BEGIN

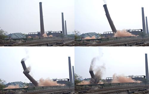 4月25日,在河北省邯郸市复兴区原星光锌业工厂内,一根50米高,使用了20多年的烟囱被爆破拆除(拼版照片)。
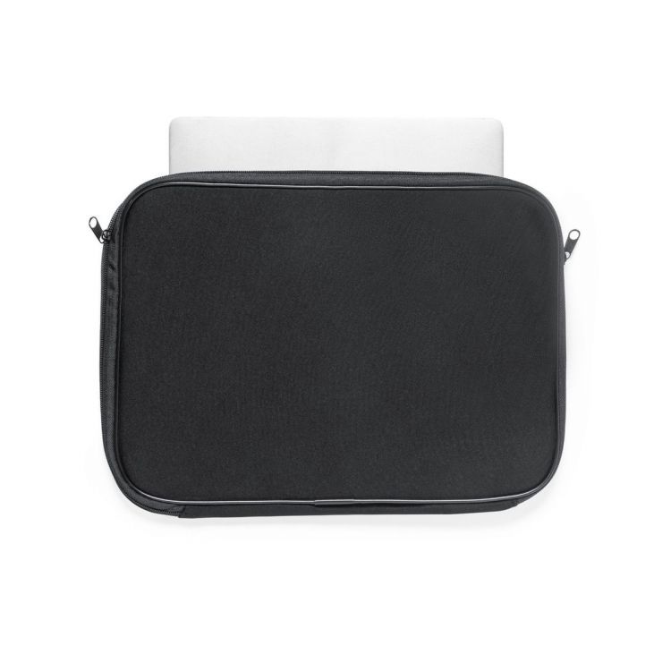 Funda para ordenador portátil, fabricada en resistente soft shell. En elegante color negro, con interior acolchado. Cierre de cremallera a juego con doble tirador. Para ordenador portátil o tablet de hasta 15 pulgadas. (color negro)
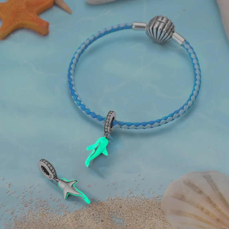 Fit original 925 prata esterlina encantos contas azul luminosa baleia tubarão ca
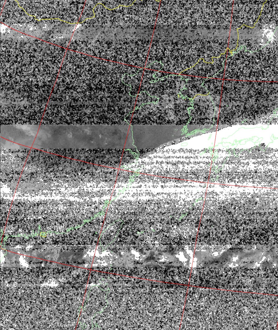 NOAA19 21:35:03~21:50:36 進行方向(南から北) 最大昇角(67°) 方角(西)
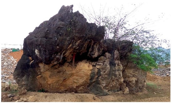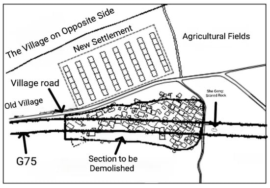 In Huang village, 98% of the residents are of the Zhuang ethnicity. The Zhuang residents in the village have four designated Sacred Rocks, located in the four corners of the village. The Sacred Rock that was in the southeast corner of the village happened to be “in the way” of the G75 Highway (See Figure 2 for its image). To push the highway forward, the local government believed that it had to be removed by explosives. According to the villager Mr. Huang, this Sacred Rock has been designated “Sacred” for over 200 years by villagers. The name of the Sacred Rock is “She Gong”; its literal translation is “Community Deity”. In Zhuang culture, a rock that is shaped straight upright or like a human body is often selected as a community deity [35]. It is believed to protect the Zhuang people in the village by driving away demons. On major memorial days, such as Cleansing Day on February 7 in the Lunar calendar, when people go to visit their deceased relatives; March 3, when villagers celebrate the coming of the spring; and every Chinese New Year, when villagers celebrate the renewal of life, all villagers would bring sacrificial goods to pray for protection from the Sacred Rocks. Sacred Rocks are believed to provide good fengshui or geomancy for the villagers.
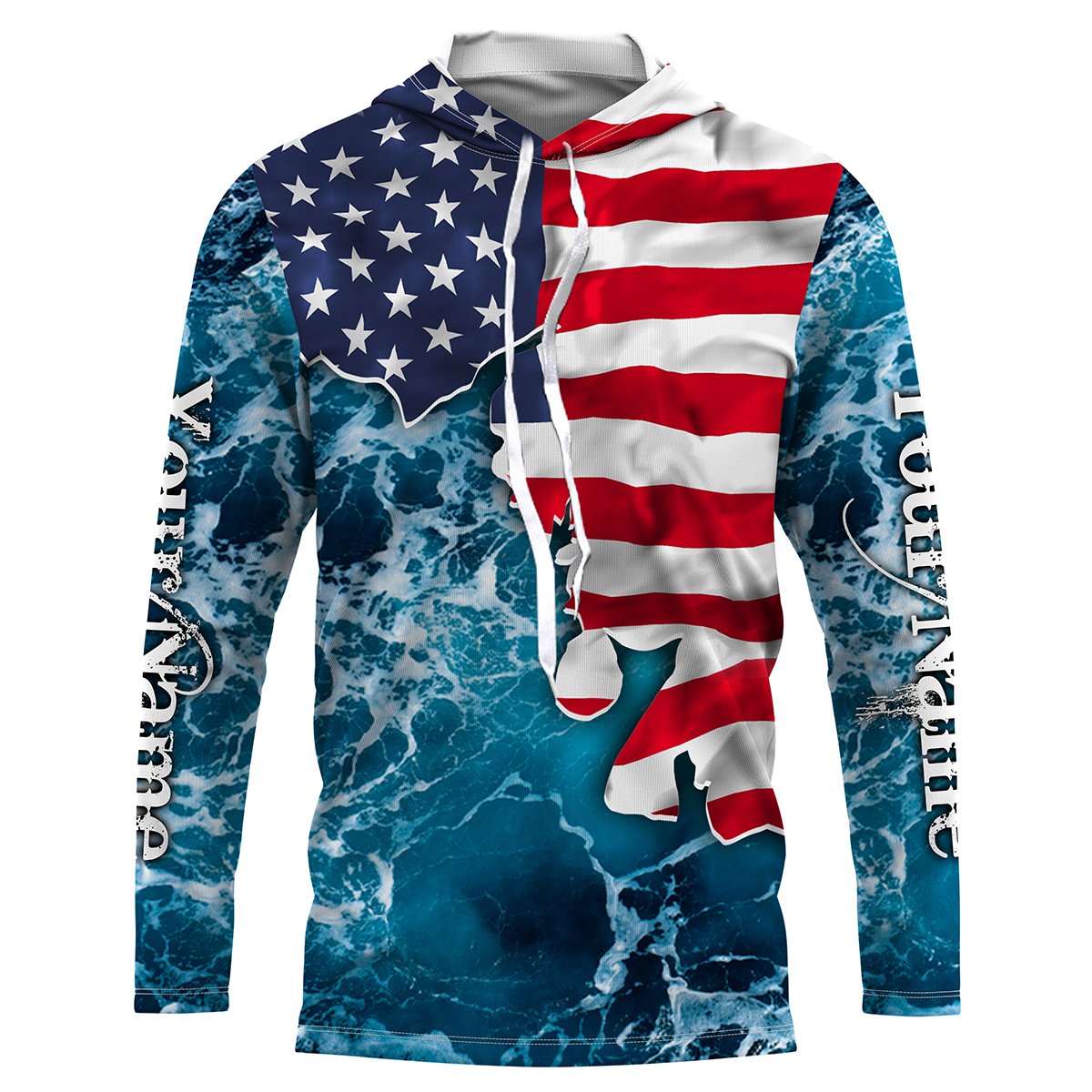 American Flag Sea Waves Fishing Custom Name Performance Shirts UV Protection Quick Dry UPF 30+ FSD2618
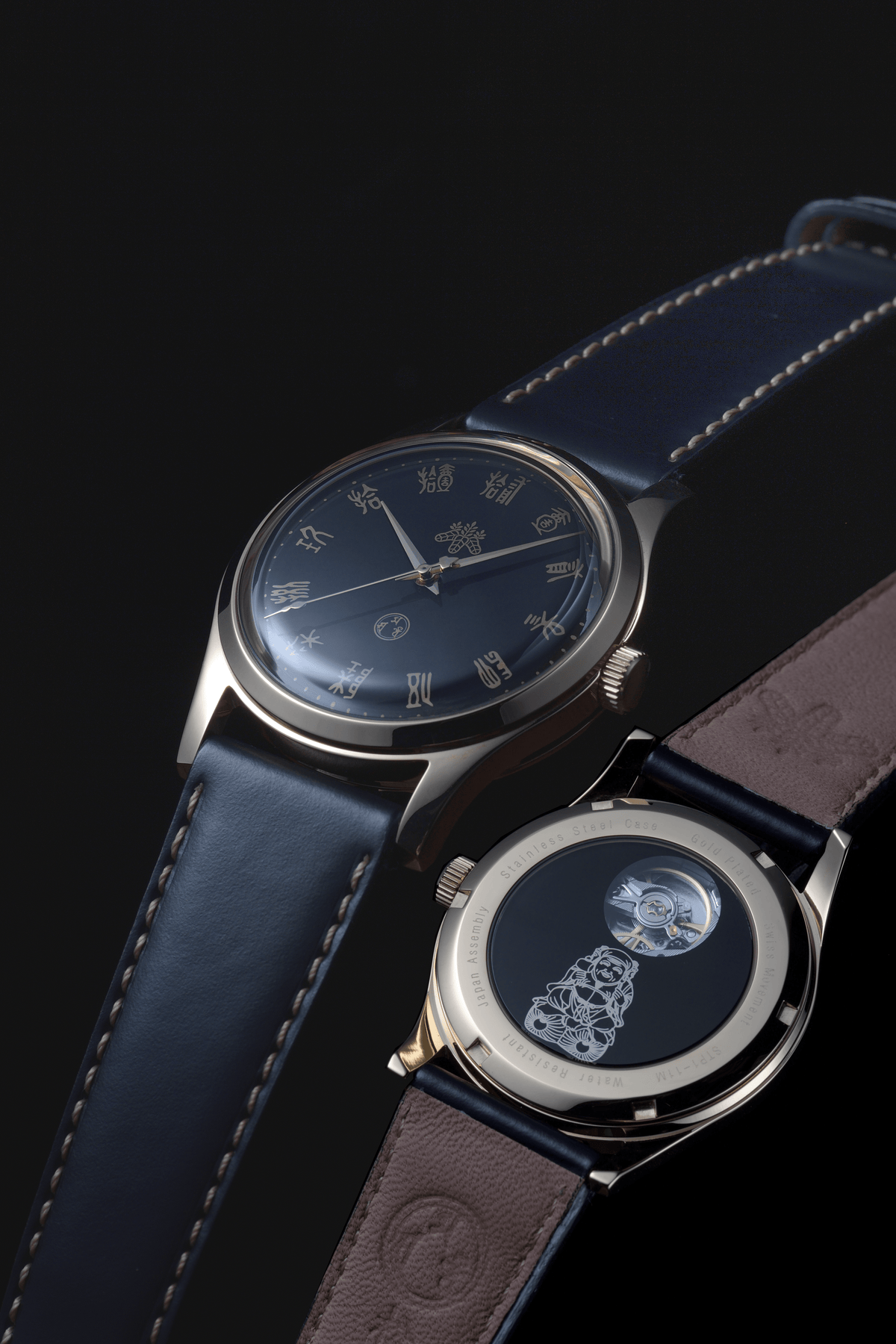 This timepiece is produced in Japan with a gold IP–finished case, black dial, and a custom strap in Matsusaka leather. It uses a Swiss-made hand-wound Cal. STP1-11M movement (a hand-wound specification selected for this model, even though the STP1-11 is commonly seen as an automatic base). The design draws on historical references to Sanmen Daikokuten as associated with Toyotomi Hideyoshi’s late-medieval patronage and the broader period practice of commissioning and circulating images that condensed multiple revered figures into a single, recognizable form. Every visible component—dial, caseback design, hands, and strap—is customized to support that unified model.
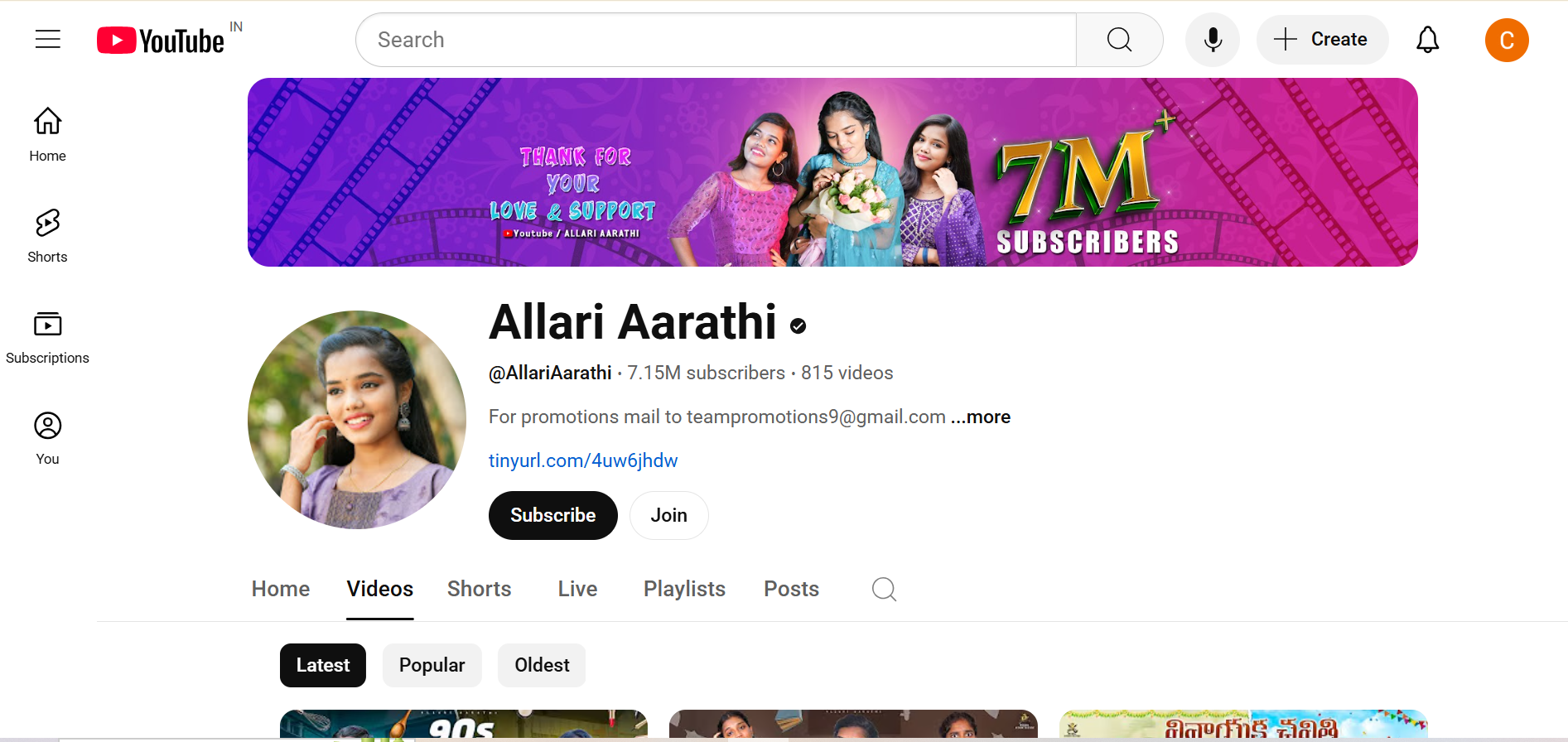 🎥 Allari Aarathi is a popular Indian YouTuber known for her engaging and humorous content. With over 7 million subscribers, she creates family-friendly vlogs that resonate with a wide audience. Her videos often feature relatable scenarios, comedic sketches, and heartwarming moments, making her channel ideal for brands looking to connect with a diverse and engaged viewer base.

END

Starting from the first line of the listing above, write out every line exactly through the one containing "NOAA19 21:35:03~21:50:36 進行方向(南から北)", and drop the pictures.

 4月25日,在河北省邯郸市复兴区原星光锌业工厂内,一根50米高,使用了20多年的烟囱被爆破拆除(拼版照片)。
 Funda para ordenador portátil, fabricada en resistente soft shell. En elegante color negro, con interior acolchado. Cierre de cremallera a juego con doble tirador. Para ordenador portátil o tablet de hasta 15 pulgadas. (color negro)
 Fit original 925 prata esterlina encantos contas azul luminosa baleia tubarão ca
 NOAA19 21:35:03~21:50:36 進行方向(南から北) 最大昇角(67°) 方角(西)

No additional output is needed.